:: Work item ::
Could the lines from the start of the data through the line with "Džinsinis švarkelis, su" be set down exactly, with no pictures among them?

:: Given information ::

####

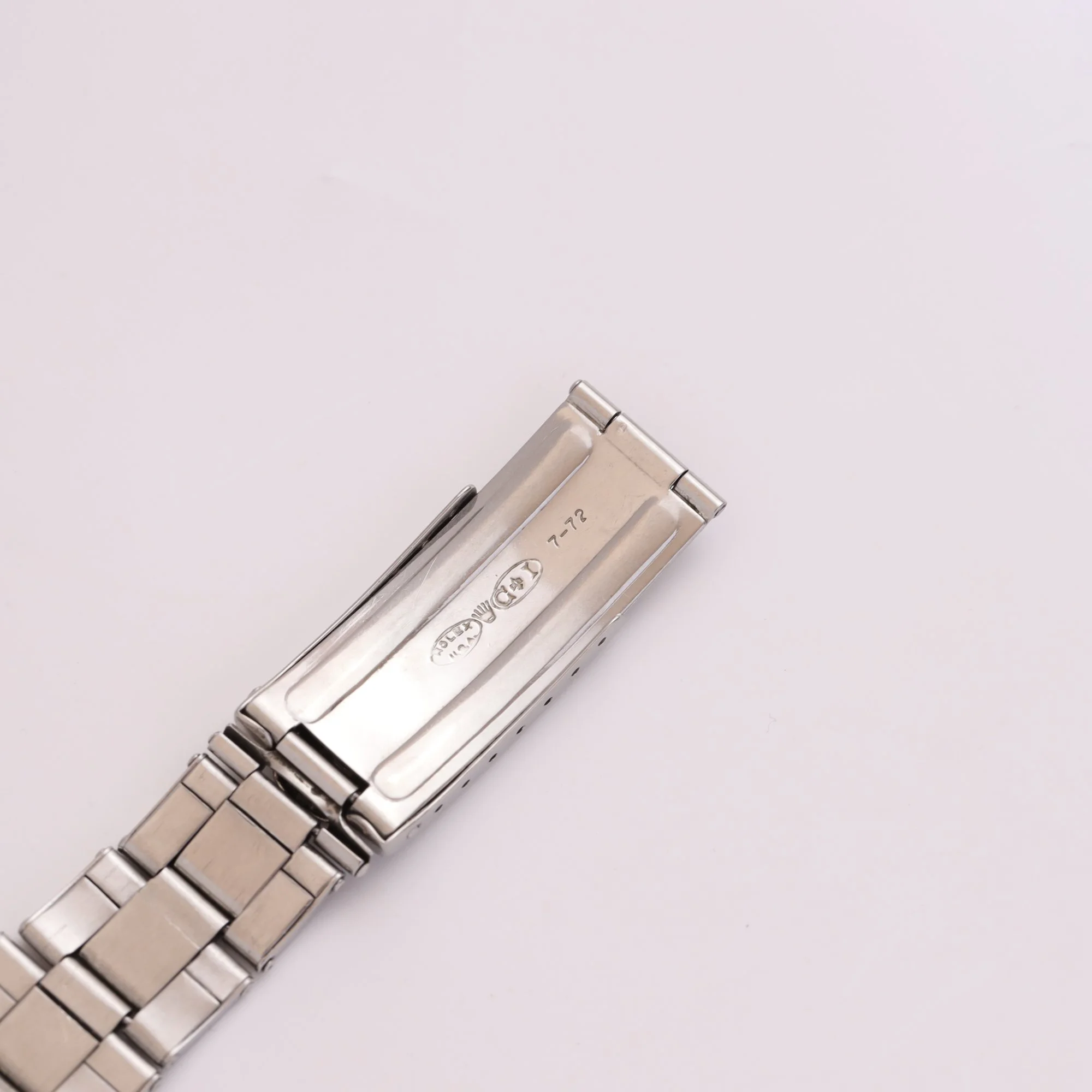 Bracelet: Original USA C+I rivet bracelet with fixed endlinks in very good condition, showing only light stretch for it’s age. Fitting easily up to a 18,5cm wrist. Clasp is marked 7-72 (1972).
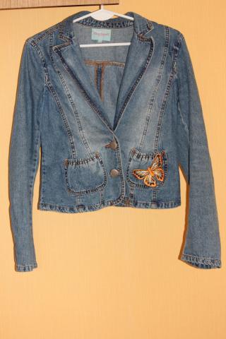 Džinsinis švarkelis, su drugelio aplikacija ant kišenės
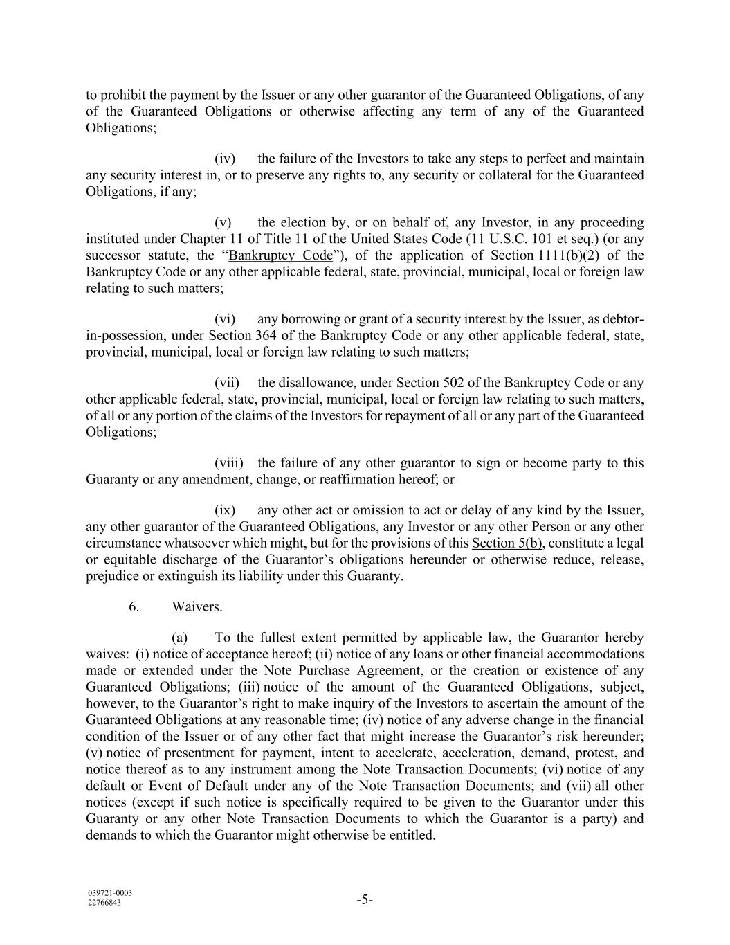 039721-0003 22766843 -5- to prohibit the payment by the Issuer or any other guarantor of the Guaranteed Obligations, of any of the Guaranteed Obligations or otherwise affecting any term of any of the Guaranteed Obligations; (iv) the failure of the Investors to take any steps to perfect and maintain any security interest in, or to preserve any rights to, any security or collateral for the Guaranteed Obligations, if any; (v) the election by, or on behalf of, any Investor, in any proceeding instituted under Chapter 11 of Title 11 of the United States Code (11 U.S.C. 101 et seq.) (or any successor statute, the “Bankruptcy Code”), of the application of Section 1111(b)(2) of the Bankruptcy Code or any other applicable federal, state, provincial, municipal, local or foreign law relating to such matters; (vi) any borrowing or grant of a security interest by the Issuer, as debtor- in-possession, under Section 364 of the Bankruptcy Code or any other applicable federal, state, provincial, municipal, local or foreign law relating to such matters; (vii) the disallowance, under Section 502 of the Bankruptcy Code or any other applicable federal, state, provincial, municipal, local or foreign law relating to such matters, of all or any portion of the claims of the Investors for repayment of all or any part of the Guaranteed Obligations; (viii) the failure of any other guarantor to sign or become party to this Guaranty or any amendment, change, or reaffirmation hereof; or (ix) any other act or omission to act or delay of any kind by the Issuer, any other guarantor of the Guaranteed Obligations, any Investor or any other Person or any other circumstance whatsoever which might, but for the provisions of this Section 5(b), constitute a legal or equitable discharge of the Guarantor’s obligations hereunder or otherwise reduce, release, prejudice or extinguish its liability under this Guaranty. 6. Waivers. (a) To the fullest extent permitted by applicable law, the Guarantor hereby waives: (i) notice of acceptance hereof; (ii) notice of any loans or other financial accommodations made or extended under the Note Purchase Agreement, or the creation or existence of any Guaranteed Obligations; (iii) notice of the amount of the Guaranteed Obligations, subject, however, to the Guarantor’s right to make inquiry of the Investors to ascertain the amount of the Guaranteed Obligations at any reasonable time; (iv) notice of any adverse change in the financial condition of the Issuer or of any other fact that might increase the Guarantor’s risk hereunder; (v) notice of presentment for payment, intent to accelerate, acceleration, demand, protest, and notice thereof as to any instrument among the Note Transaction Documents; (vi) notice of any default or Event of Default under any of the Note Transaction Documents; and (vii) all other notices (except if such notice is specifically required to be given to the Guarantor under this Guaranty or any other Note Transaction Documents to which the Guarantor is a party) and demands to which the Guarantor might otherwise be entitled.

####

:: Result ::
 Bracelet: Original USA C+I rivet bracelet with fixed endlinks in very good condition, showing only light stretch for it’s age. Fitting easily up to a 18,5cm wrist. Clasp is marked 7-72 (1972).
 Džinsinis švarkelis, su drugelio aplikacija ant kišenės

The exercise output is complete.